(DATA TO PROCESS Opens)

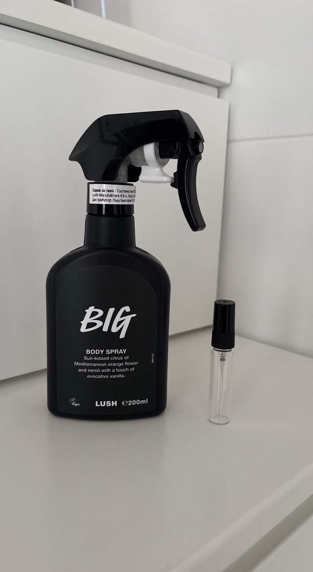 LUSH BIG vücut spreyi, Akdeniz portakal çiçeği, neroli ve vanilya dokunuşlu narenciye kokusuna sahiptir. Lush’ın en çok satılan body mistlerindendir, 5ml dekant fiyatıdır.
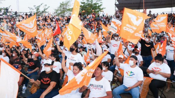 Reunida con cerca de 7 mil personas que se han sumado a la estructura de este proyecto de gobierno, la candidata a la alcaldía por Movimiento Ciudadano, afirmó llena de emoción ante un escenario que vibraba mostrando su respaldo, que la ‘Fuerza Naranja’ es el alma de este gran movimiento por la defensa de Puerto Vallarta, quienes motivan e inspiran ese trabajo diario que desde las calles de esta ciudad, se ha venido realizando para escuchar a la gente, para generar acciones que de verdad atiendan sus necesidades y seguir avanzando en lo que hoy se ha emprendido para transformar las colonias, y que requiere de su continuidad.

(DATA TO PROCESS Closes)
(DATA TO PROCESS Opens)

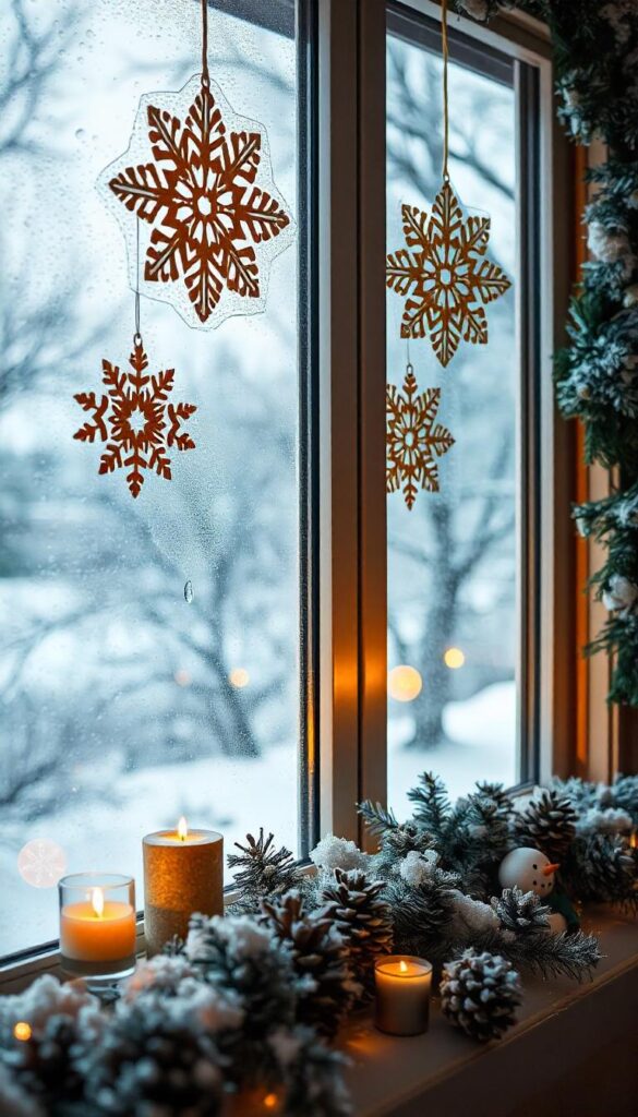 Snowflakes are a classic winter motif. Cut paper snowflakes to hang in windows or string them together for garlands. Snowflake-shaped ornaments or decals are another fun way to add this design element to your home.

(DATA TO PROCESS Closes)

Please copy the lines above exactly, starting at the line that holds "LUSH BIG vücut" and ending at the line that holds "Reunida con cerca"; include both, but no pictures.

 LUSH BIG vücut spreyi, Akdeniz portakal çiçeği, neroli ve vanilya dokunuşlu narenciye kokusuna sahiptir. Lush’ın en çok satılan body mistlerindendir, 5ml dekant fiyatıdır.
 Reunida con cerca de 7 mil personas que se han sumado a la estructura de este proyecto de gobierno, la candidata a la alcaldía por Movimiento Ciudadano, afirmó llena de emoción ante un escenario que vibraba mostrando su respaldo, que la ‘Fuerza Naranja’ es el alma de este gran movimiento por la defensa de Puerto Vallarta, quienes motivan e inspiran ese trabajo diario que desde las calles de esta ciudad, se ha venido realizando para escuchar a la gente, para generar acciones que de verdad atiendan sus necesidades y seguir avanzando en lo que hoy se ha emprendido para transformar las colonias, y que requiere de su continuidad.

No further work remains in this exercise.